INSTRUCTIONS TO FOLLOW
In the entries below, begin at the line that has "細長い店内で、2名用テーブル 4卓と、2名用カウンター 1卓ですね。", stop after the line that has "Meraküm mevkiinde yapımı", and output those lines exactly with no pictures.

DATASET RECORDS
━━━━━━
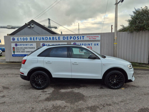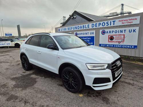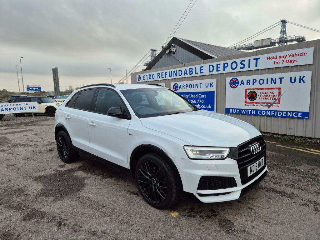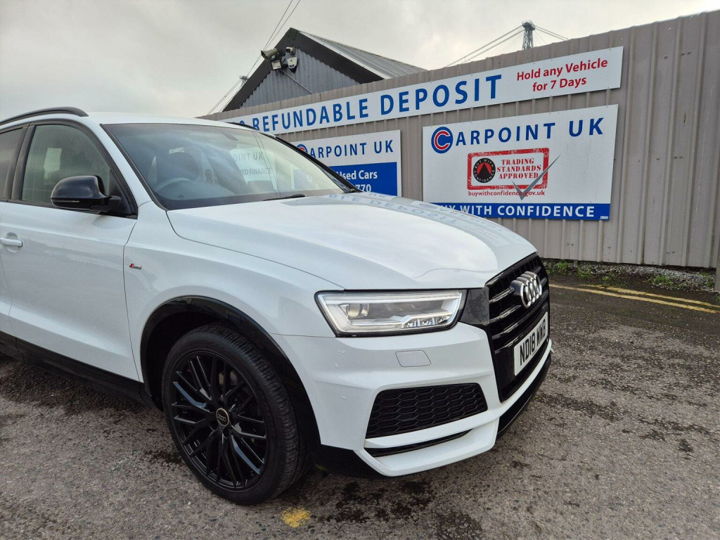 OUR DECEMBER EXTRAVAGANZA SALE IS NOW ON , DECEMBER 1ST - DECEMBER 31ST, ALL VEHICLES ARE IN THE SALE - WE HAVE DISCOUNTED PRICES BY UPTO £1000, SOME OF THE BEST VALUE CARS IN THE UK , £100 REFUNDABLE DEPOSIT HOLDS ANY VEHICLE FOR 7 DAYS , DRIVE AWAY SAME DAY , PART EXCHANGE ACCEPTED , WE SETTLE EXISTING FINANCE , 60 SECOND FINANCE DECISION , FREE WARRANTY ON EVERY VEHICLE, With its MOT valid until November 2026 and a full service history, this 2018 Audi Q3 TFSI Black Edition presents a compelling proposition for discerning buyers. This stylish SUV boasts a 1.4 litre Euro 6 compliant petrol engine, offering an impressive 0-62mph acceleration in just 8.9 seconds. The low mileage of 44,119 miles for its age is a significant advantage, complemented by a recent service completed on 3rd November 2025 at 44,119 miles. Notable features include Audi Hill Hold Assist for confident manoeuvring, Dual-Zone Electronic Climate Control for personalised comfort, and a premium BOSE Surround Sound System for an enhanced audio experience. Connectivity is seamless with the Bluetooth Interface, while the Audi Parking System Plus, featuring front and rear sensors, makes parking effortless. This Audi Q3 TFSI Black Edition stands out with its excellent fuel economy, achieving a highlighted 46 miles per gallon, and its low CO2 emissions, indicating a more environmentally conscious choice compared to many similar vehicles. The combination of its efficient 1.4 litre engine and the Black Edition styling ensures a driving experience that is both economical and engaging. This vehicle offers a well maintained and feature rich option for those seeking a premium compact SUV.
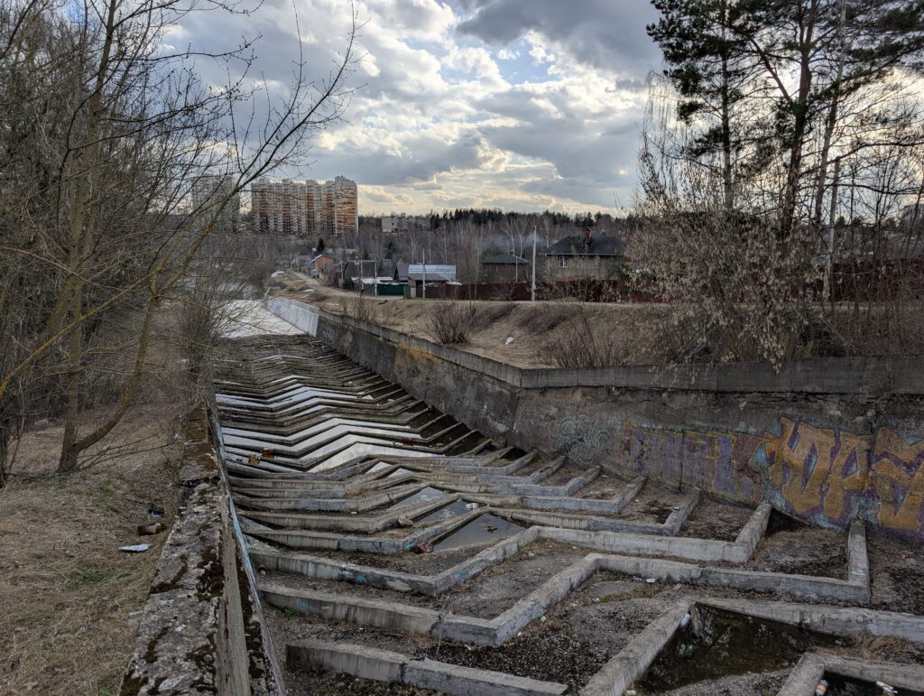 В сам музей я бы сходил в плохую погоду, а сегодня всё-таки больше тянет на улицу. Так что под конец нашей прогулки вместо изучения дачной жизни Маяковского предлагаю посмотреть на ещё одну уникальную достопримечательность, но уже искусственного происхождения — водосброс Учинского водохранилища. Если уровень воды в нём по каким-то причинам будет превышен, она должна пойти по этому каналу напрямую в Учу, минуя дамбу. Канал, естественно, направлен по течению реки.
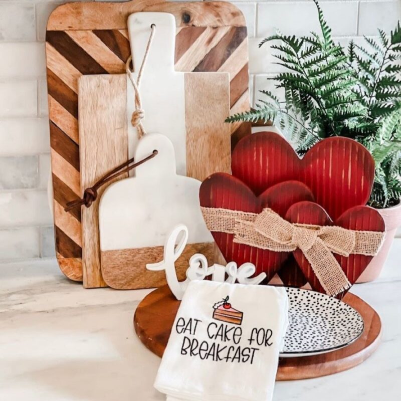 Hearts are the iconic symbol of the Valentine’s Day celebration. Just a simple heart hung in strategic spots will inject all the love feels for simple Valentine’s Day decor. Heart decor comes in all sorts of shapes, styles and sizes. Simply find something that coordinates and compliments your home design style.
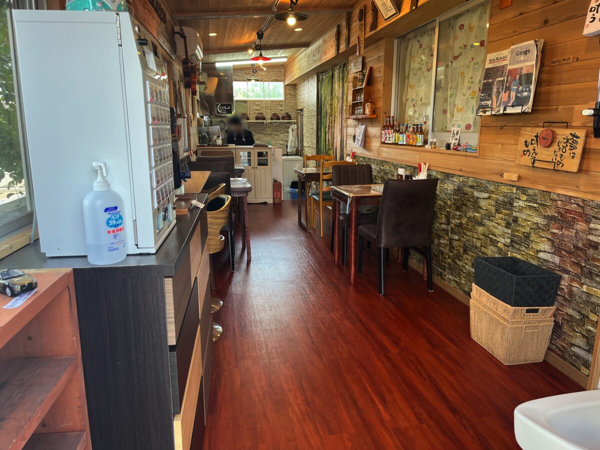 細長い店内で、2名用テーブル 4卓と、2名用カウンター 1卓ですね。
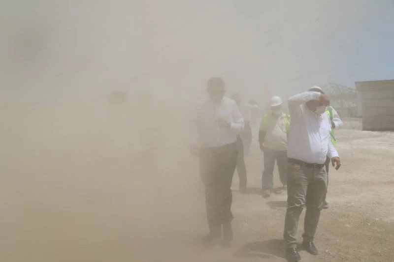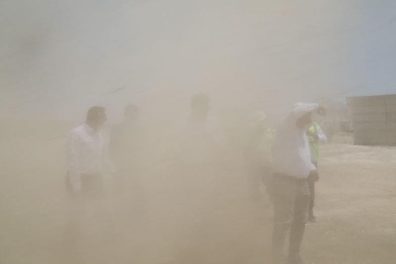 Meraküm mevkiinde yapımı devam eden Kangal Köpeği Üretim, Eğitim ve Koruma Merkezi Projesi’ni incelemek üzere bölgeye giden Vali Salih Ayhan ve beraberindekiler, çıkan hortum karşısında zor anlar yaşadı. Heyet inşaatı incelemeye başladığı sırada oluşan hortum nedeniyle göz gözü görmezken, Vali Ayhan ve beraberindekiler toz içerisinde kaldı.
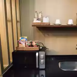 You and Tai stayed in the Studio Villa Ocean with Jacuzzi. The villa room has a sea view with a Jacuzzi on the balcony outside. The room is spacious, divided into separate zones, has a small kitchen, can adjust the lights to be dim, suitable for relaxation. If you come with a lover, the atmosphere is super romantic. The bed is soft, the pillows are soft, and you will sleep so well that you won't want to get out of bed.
━━━━━━
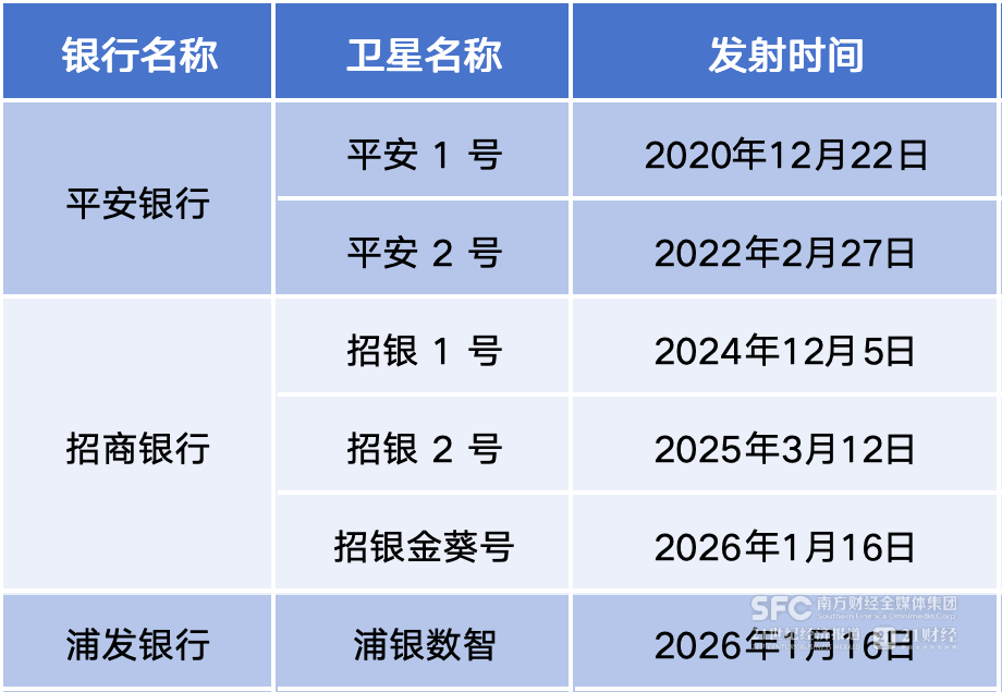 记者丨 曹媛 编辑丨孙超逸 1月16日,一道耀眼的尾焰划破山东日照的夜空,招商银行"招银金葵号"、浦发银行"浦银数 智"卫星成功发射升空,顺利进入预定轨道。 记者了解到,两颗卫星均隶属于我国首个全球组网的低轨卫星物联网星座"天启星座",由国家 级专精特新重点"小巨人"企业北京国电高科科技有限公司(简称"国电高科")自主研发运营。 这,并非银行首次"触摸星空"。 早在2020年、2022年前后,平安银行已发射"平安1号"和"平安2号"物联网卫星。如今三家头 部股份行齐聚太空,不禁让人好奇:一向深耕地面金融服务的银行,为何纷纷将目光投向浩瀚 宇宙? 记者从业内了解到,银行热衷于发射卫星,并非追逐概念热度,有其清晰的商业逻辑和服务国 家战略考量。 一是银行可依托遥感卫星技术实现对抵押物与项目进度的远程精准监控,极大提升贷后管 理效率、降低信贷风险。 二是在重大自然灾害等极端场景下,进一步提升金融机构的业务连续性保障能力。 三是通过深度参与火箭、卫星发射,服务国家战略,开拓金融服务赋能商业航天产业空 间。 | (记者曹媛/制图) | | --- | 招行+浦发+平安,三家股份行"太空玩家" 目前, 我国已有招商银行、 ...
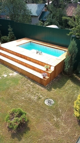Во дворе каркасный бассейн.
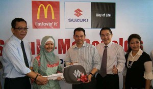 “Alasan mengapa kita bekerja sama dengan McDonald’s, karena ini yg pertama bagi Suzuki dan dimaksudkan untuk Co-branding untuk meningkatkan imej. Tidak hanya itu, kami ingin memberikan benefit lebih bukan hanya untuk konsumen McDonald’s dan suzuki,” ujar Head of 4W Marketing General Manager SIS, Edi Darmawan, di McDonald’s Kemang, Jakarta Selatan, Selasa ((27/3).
━━━━━━
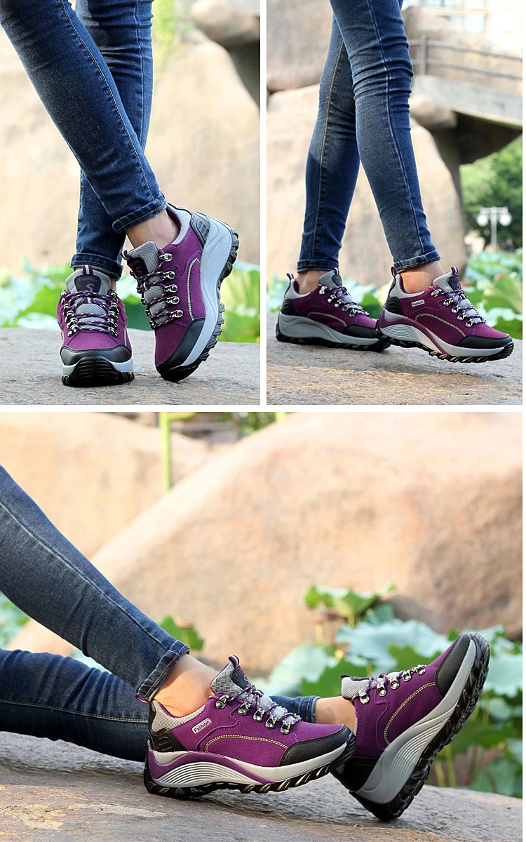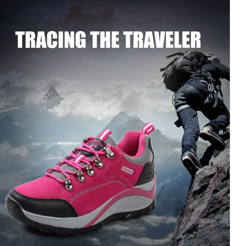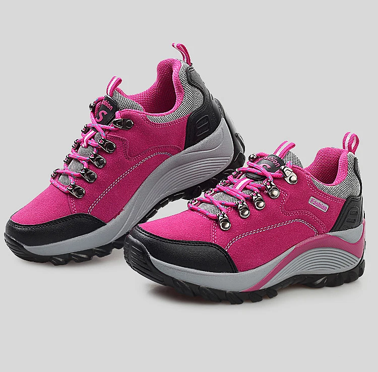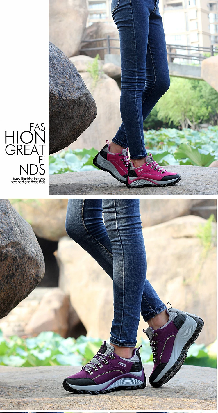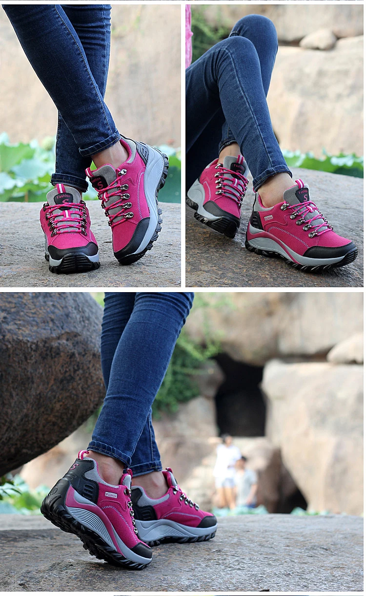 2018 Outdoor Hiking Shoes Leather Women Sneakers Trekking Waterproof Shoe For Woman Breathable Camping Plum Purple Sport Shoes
━━━━━━
REPLY
 細長い店内で、2名用テーブル 4卓と、2名用カウンター 1卓ですね。
 Meraküm mevkiinde yapımı devam eden Kangal Köpeği Üretim, Eğitim ve Koruma Merkezi Projesi’ni incelemek üzere bölgeye giden Vali Salih Ayhan ve beraberindekiler, çıkan hortum karşısında zor anlar yaşadı. Heyet inşaatı incelemeye başladığı sırada oluşan hortum nedeniyle göz gözü görmezken, Vali Ayhan ve beraberindekiler toz içerisinde kaldı.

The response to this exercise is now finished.